Native American Novel Gives New Life to Lake Superior's Dead

Craig A. Brockman's Dead of November is a supernatural thriller that will leave readers entranced by its Native American lore, ghostly apparitions, exotic location, and homage to lost love. Set in Sault Sainte Marie, Michigan, one of the oldest cities in the Midwest on the shore of Lake Superior, the novel draws upon the city's historical heritage as a former gathering place of Native Americans at the St. Mary's Rapids, later the site of Fort Brady, and today home to the Soo Locks and a Native American-owned casino. All these places figure into the story, mixing the past with the present in a whirlpool of confusion about what is real, what is legend, and what results when the two merge into a new reality.
The story begins when Adam Knowles, a psychiatrist practicing in Lower Michigan, is asked by his old colleague, Ron, to return to Sault Sainte Marie to help at the clinic there. Adam goes out of obligation, although he knows it will mean facing his difficult past-one in which the love of his life was drowned, and one where he gained a reputation in the town for helping people who believed they were seeing ghosts. Little does Adam know people are seeing ghosts again, which is why Ron wants him to return.
Ron arranges for Adam to stay at an old inn in the Sault owned by Maggie, a Scotswoman who is herself in tune with the supernatural. Adam also has a friend, Cam, who reappears in his life at this time. Cam sort of went off the deep end years before, although Adam is not completely clear why. Now Cam is apparently having hallucinations-seeing apparitions of Native American warriors from the past, among other things.
Adam begins to realize something sinister is happening when Maggie is visited by a Potawatomi medicine man from outside the area named James Graves. Graves has created a following among certain members of the local Ojibwa tribe, but he also appears to be trying to stir up trouble. Maggie and Graves have a private meeting that makes Adam curious about Graves' intentions. He hopes to get answers when Graves asks him to a private meeting at the casino. Adam is surprised by what he learns at the meeting, and more surprised to find himself in a semi-conscious state that makes him suspect he's been drugged. Fortunately, a young woman working at the casino, Gracie Bird, is also suspicious of Graves and comes to Adam's rescue.
As the novel continues, the characters learn more about Graves and the plethora of ghostly sightings that local residents are experiencing. Soon they discover Graves is trying to unleash a legendary horror, which would have dire consequences for everyone if he succeeds.
Brockman writes knowingly about all the elements he includes in this book from psychiatry to local history and Ojibwa lore. He has lived and worked in Sault Sainte Marie with Lake Superior State University and the Indian Health Service, enmeshing himself in the area he has chosen for his subject.

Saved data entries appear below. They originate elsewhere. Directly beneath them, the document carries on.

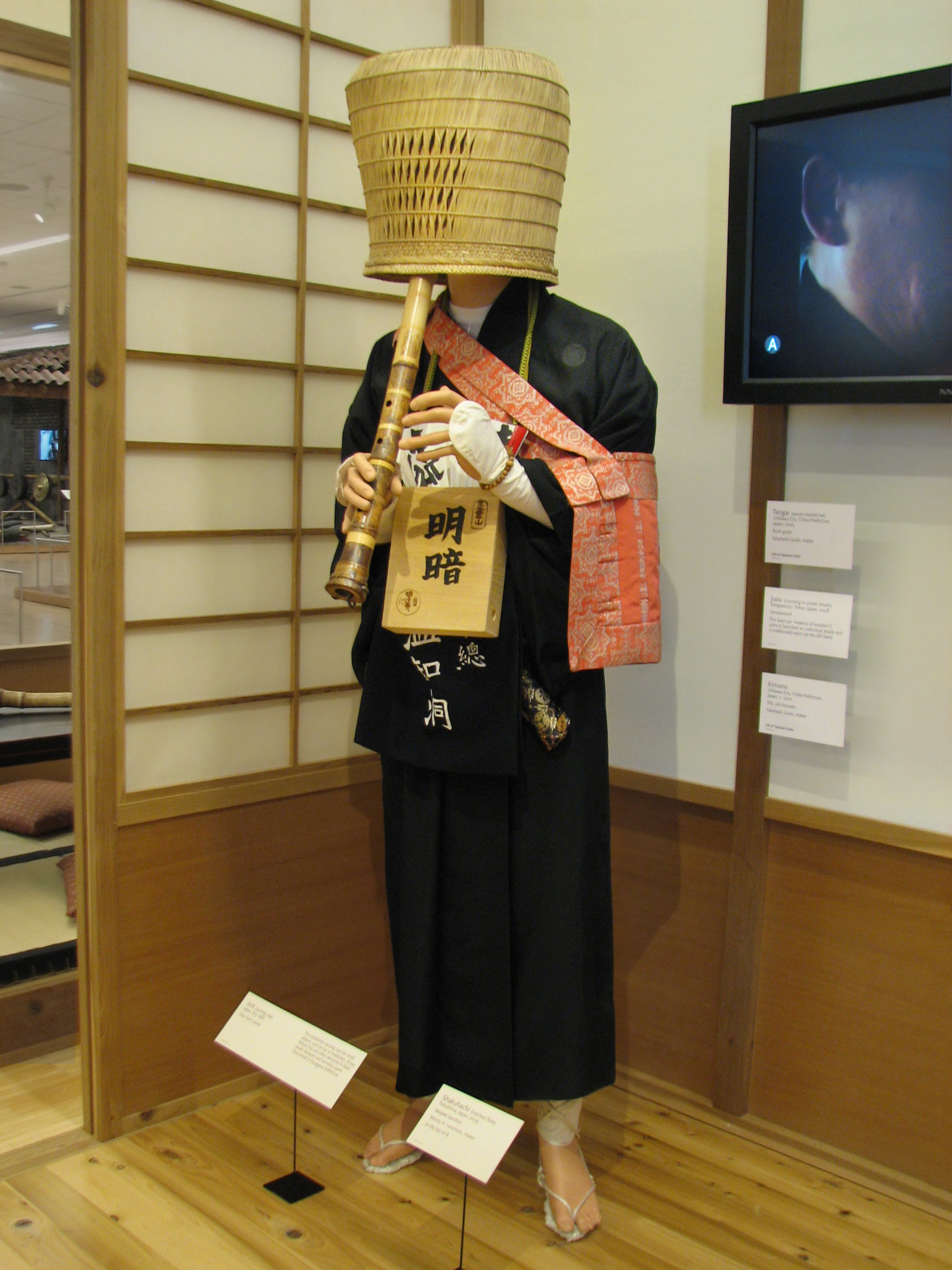 While playing shakuhachi, komuso wore large, woven baskets called tengai over their heads to symbolize their detachment from the material world. In the hands of komuso monks, the shakuhachi became an iconic part of Japanese culture and remains an admired instrument for achieving both musical mastery and spirital enlightenment." (From the info card)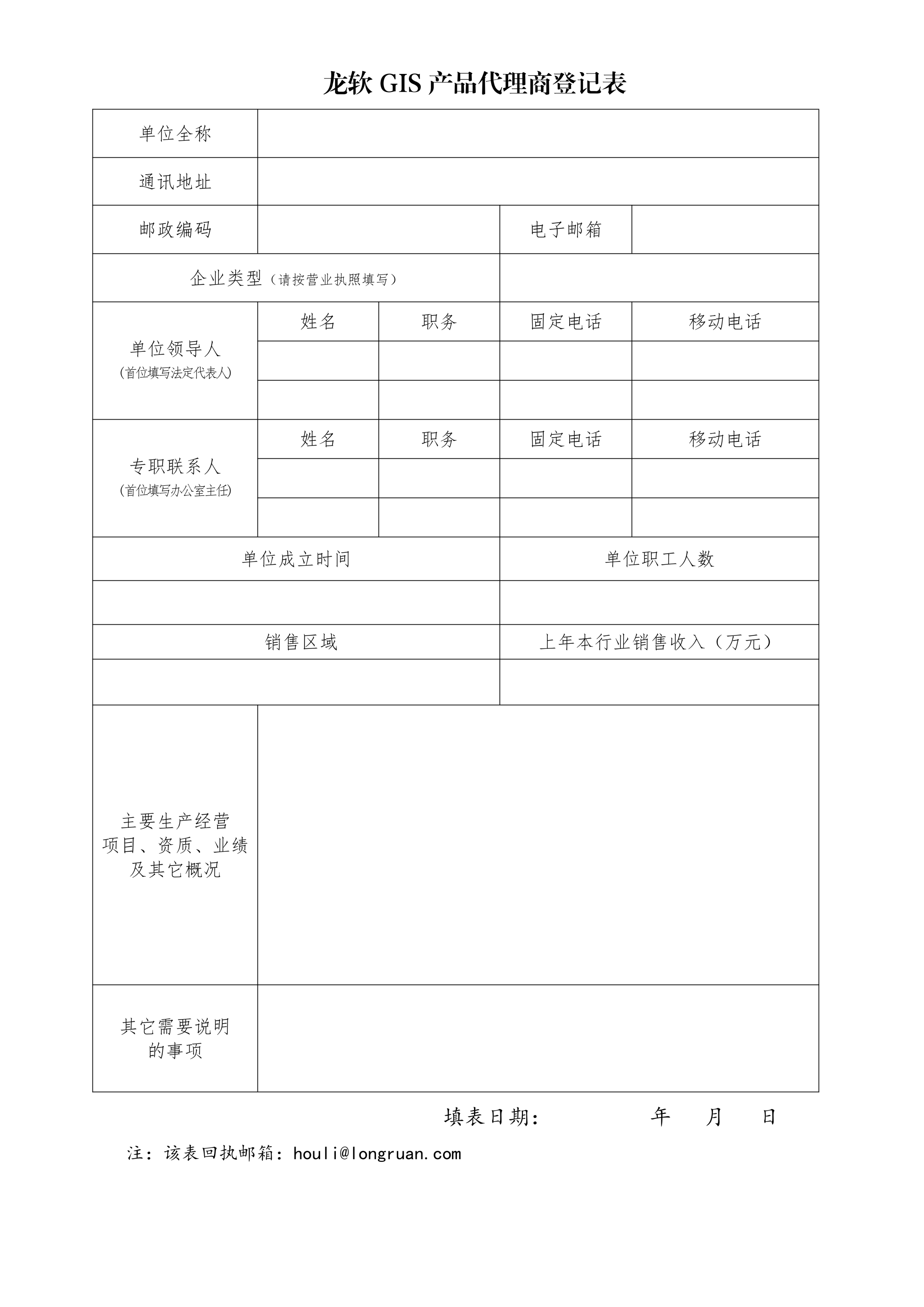 附件:龍軟GIS產(chǎn)品代理商登記表
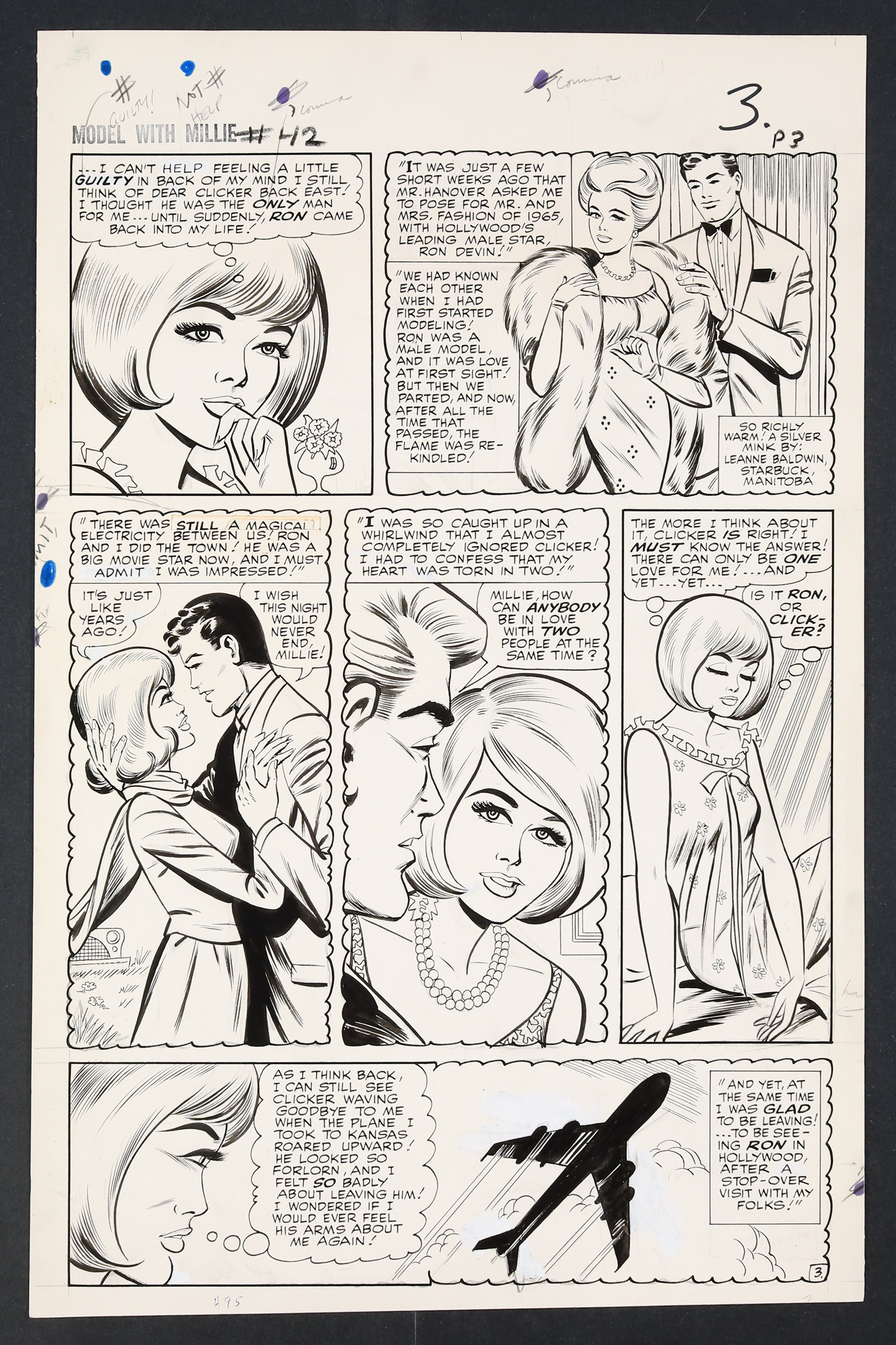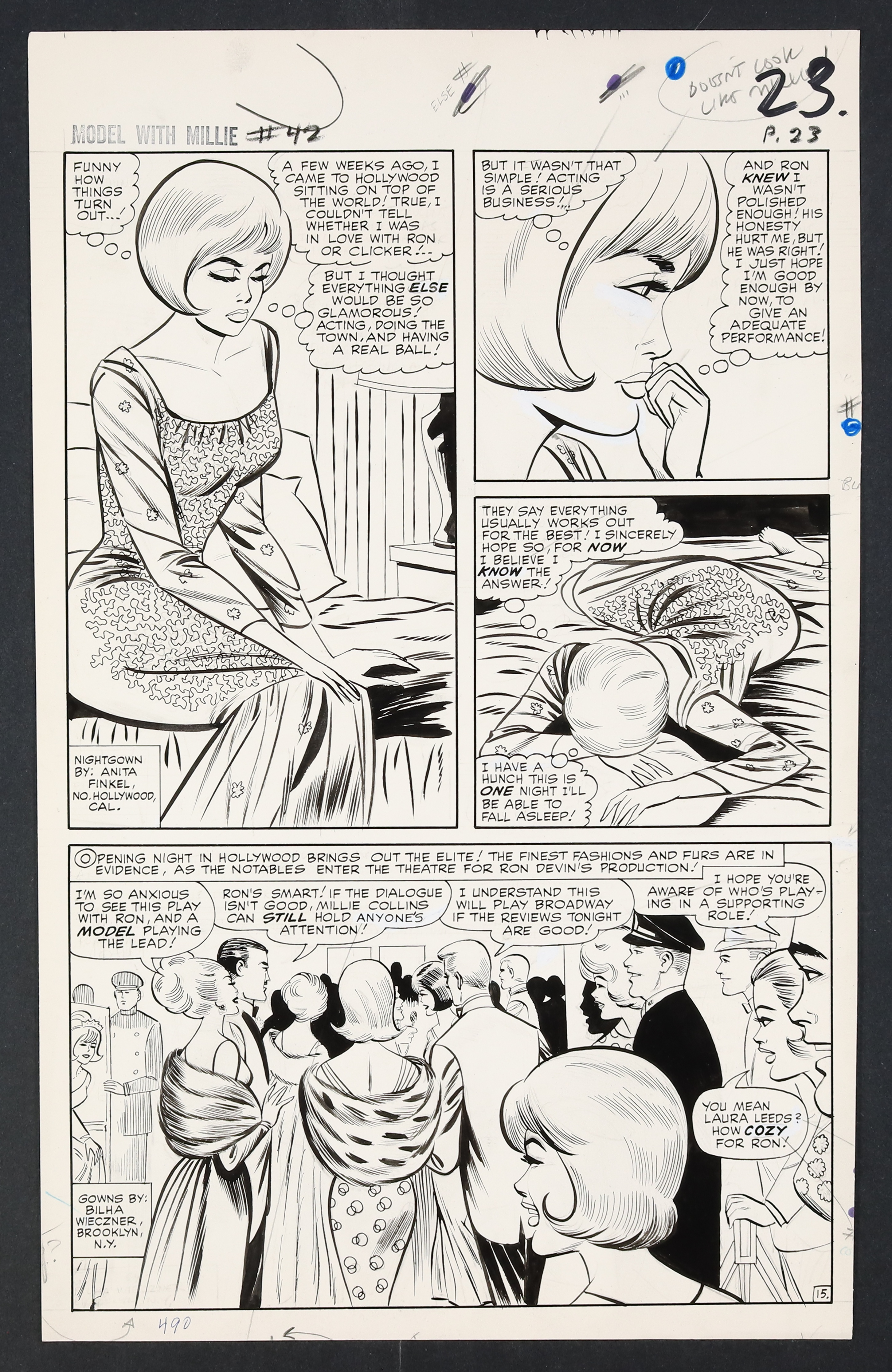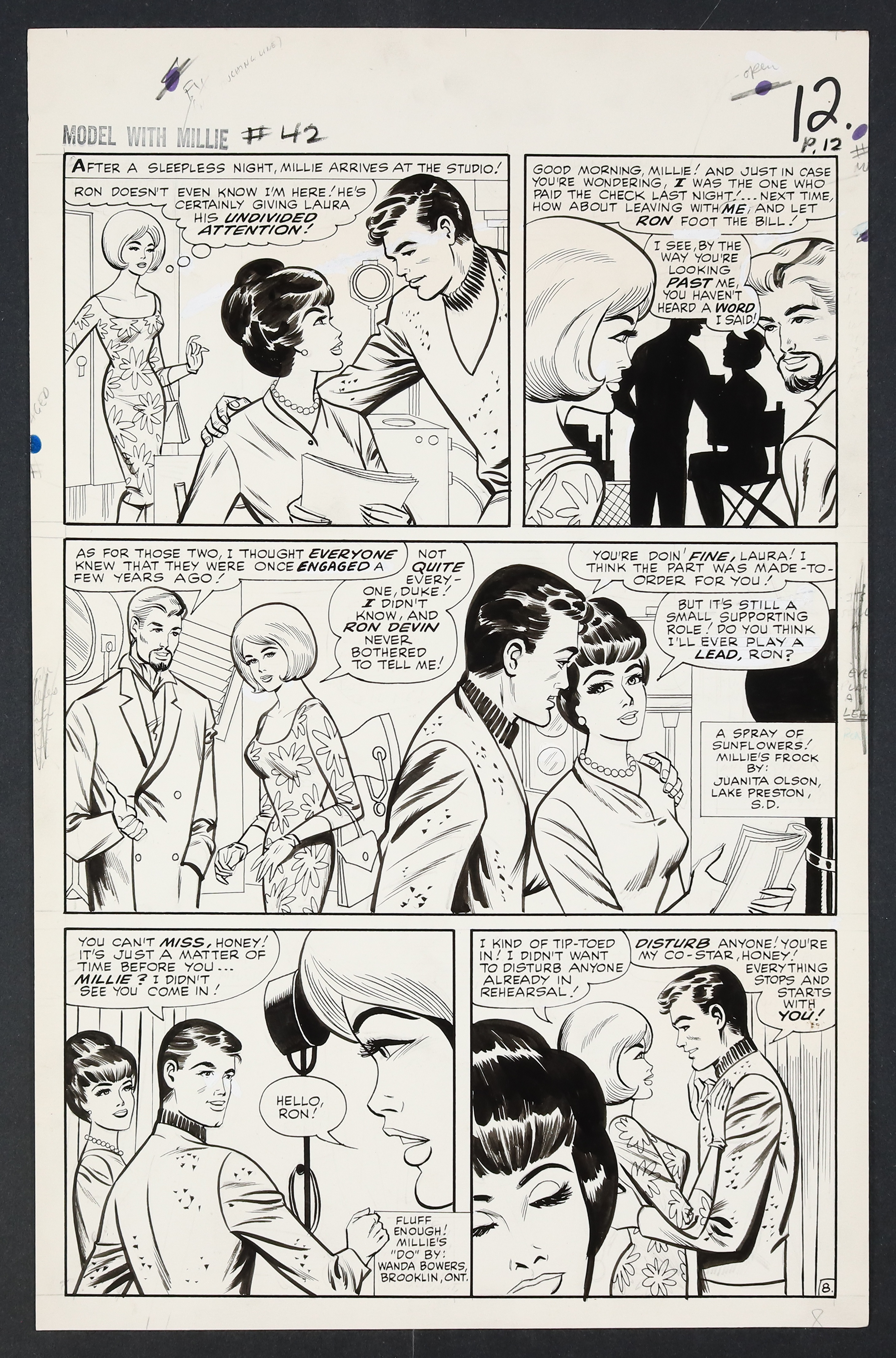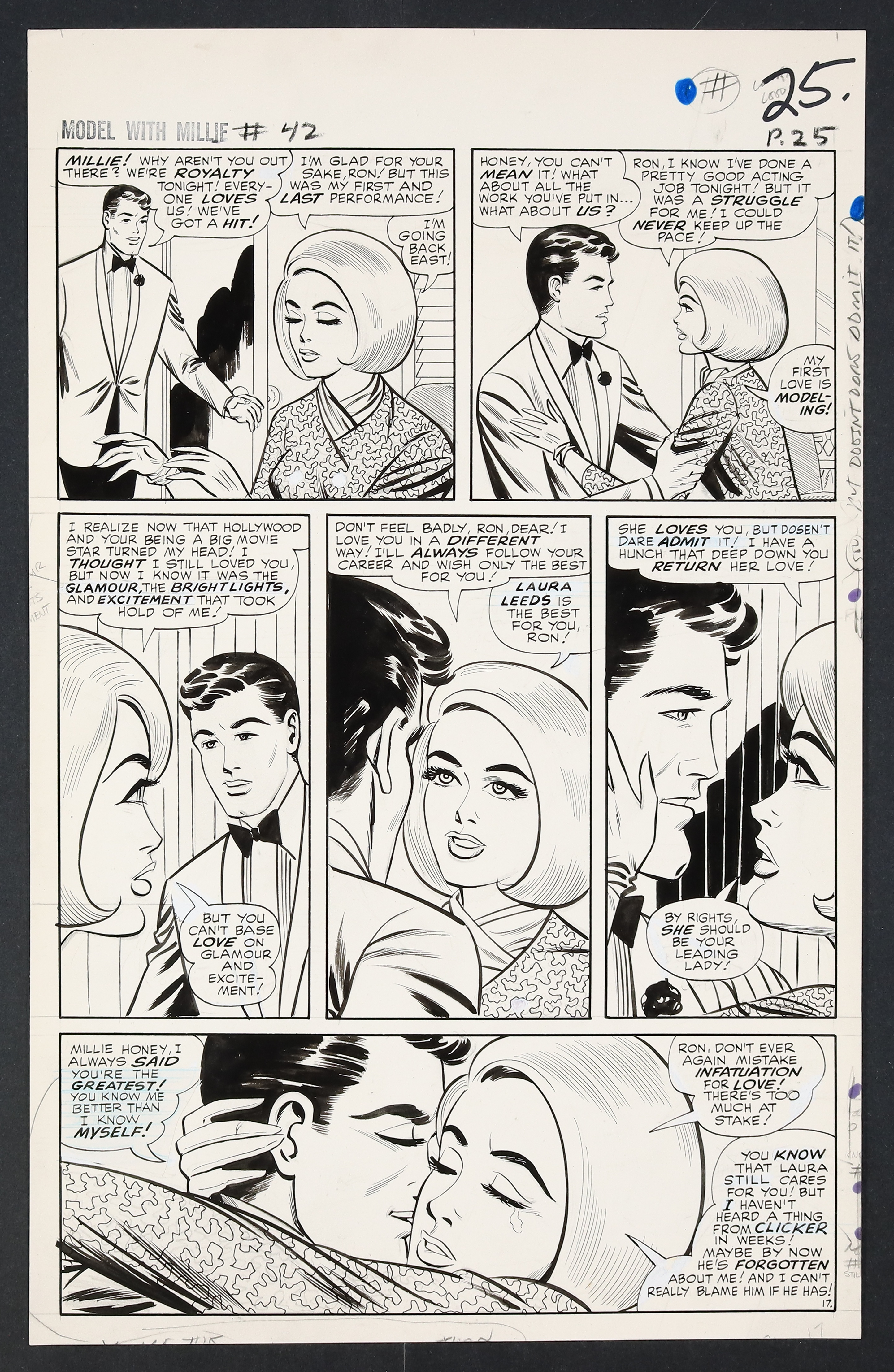 Millie's looking so right in her diamonds and frills on this California night as she heads to Hollywood to try her hand at acting! An especially glamorous issue, Millie finds herself torn not just between acting and modeling, but between leading man Ron Devin and Clicker back home in New York. Pencil and ink on 18 pages of art board which measure approximately 13 3/4" x 21 1/2".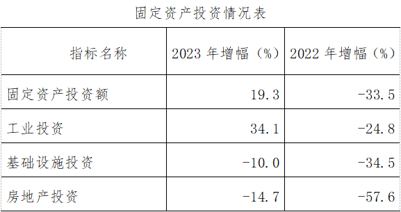2023年,固定资产投资比上年增长19.3%;其中,工业投资同比增长34.1%。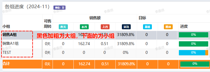 - 隐藏小组汇总:会在“各组进度”里面,隐藏销售小组的统计,只显示大组的;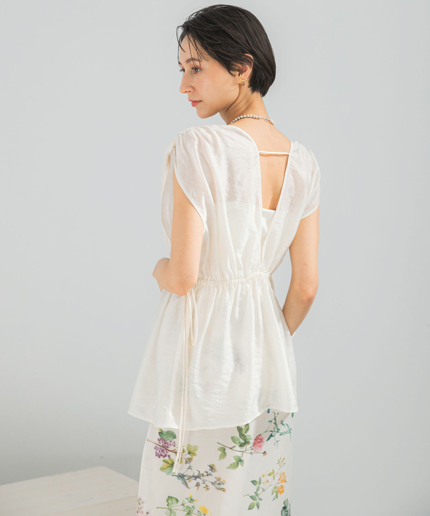 【繊細なジャガード素材でシーズンムード高まるプラスワンアイテム】ボタニカル柄をあしらったセミシアージャガード素材が、繊細で涼やかなシーズンムードを演.. |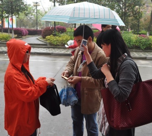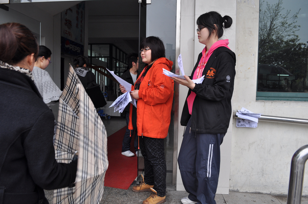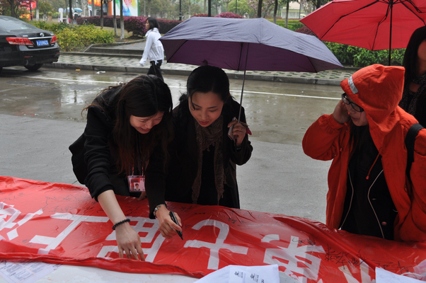 今天的宣传和签名仪式刚开始就赶上了下雨,但是风雨并没有打消大家宣传工作的积极性,反而在风雨中大家露出了更多的笑脸,一个个穿着服装学院研究生会制服的成员们,似乎在风雨中喜笑颜开,一边发放着大赛的宣传单,一边积极地引领有兴趣的同学进行签名;雨水中同学们并没有疾风而过,反而被我们这些可爱的研会兄弟姐们风雨无阻的行为与精神所吸引,主动询问关于大赛的具体详情,研会成员与询问详情的同学们在一起的热情与积极地场景,在风雨中也成了一道风景,似乎这是对我们此次大赛活动最好的宣传。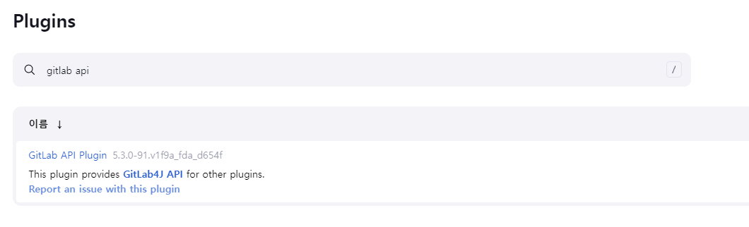 다른 GitLab API Plugin 이 검색이 되었습니다. 한참을 검색하였지만 찾지 못해서, 해당 Plugin을 설치 하였는데요.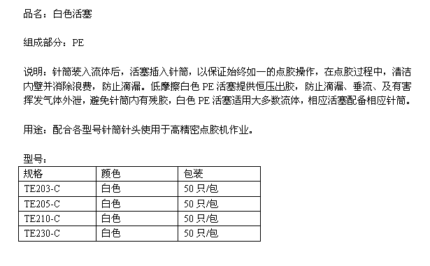 针筒装入流体后,活塞插入针筒,以保证始终如一的点胶操作,在点胶过程中,清洁内壁并消除浪费,防止滴漏。低摩擦白色PE活塞提供恒压出胶,防止滴漏、垂流、及有害挥发气体外泄,避免针筒内有残胶,白色PE活塞适用大多数流体,相应活塞配备相应针筒。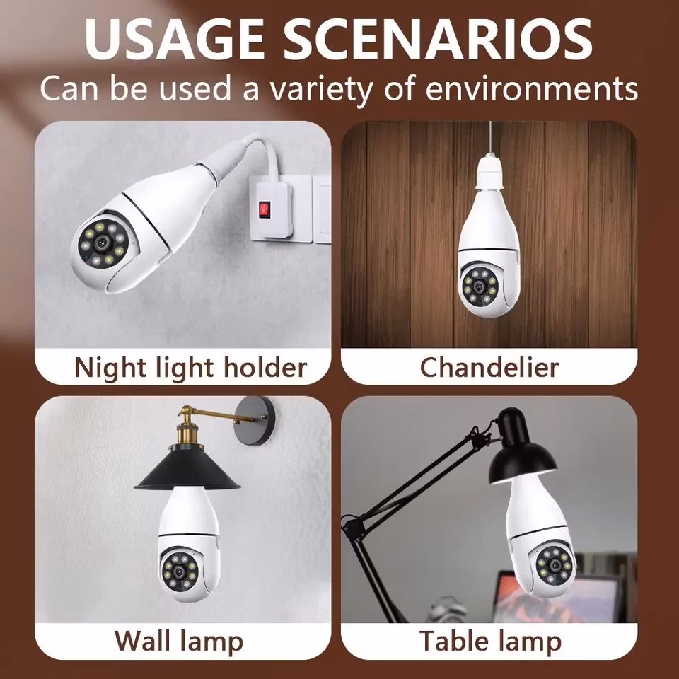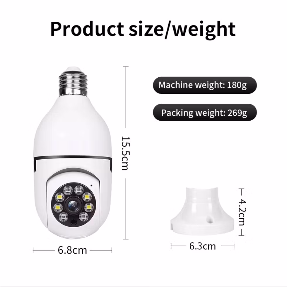 Paket innehåll: 1x kamera, 1x användarmanual, 1x Lamp sockel.

Although the novel is filled with the supernatural, it never falls into being cheesy or campy. The dead of Lake Superior are not your average zombies but rather apparitions that need explanations. The characters are all well-developed, many of them having pasts that need healing or which inform their actions in the novel.
I was most impressed with Brockman's use of Native American lore. He has clearly done his research on everything from Ojibwa history to local archeology and superstition. I learned a lot about Native culture from this book, all of it presented in a manner that is always entertaining and relevant to the plot. Brockman's ability to blend the supernatural with reality is especially impressive, causing the reader's suspension of disbelief never to falter as we move from a dangerous, climactic moment into a tender discussion of forgiveness, all fed by a heightened sense that what we know as reality may just be a veil to a greater metaphysical world we scarcely yet understand.
Dead of November is the kind of book you can get so engrossed in that you'll have to stop to remind yourself it's only a story, and even when you close the book, the moaning waves of Lake Superior will continue to haunt you. I only wish there were more like it.